# GIVEN MATERIAL:
◇ ◇ ◇
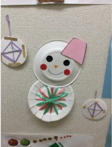 紙皿で作った「雪だるま」。ひもをとおして作った雪の結晶柄が素敵
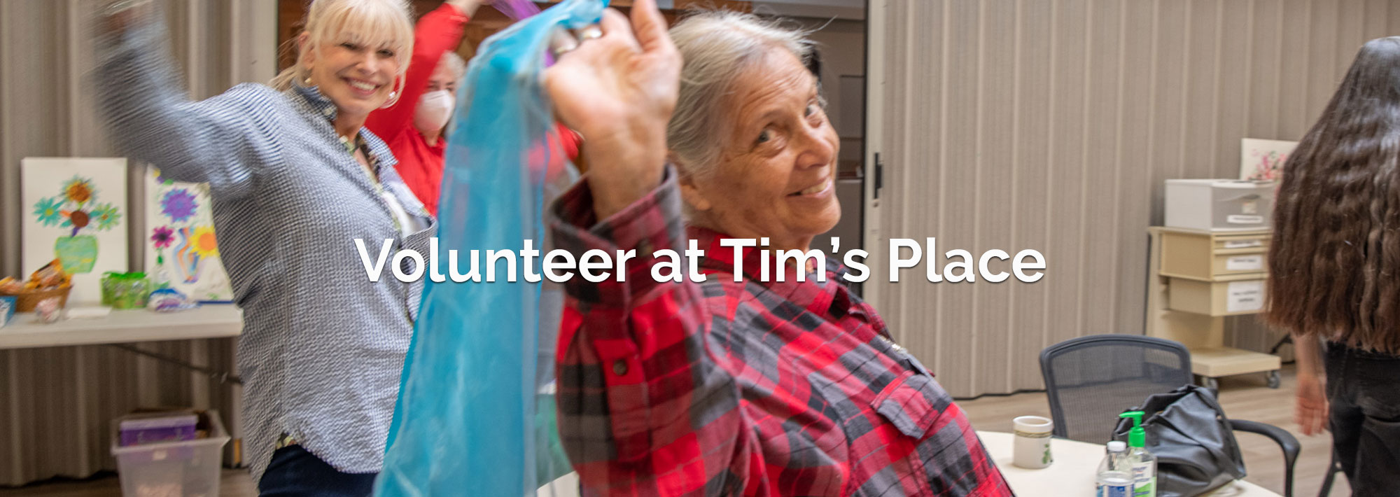 - Engagement: After completing the volunteer orientation and a simple background check you’ll have the opportunity to participate at Tim’s Place with the guidance and support of our amazing team.
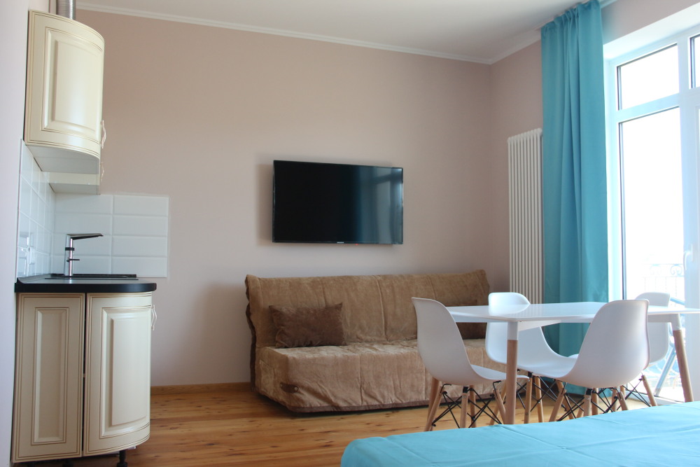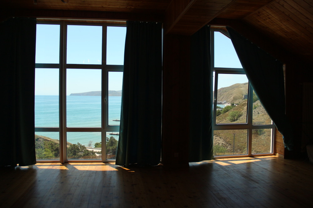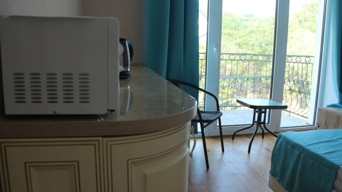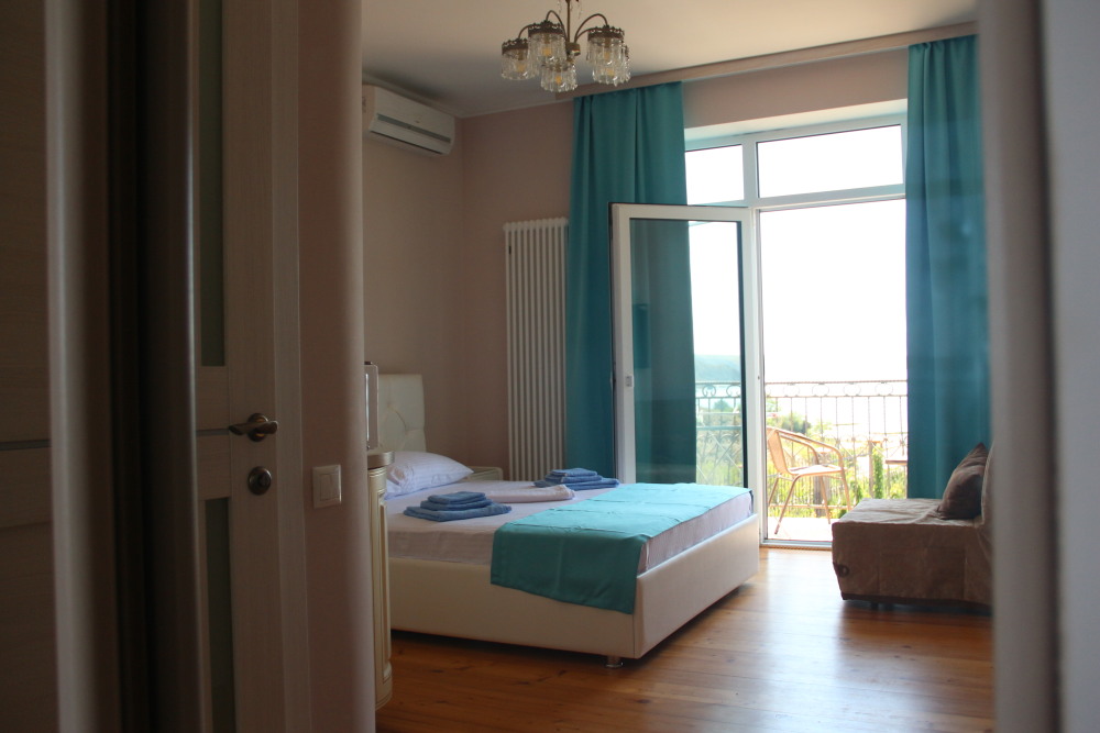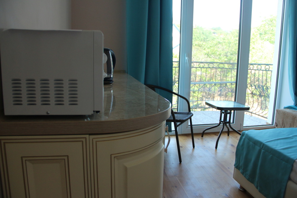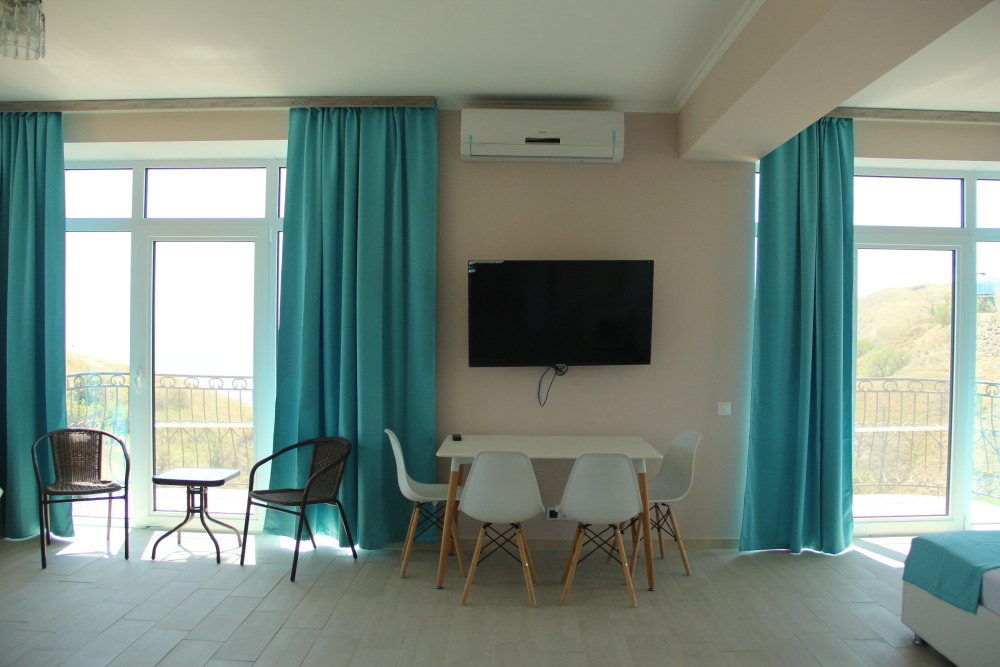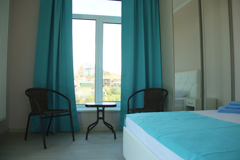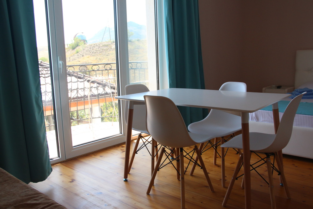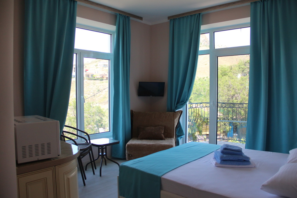Огромный номер с видом на море и знаменитый Кара-Даг. Имеется ванная, полноценная кухня и отличная новая мебель. Постройка 2021 года, идеальное состояние. Море видно из всех окон и двух балконов.
◇ ◇ ◇
# REQUIRED ACTION:
The task calls for repeating each line above exactly while excluding the pictures.

# YOUR RESPONSE:
 紙皿で作った「雪だるま」。ひもをとおして作った雪の結晶柄が素敵
 - Engagement: After completing the volunteer orientation and a simple background check you’ll have the opportunity to participate at Tim’s Place with the guidance and support of our amazing team.
Огромный номер с видом на море и знаменитый Кара-Даг. Имеется ванная, полноценная кухня и отличная новая мебель. Постройка 2021 года, идеальное состояние. Море видно из всех окон и двух балконов.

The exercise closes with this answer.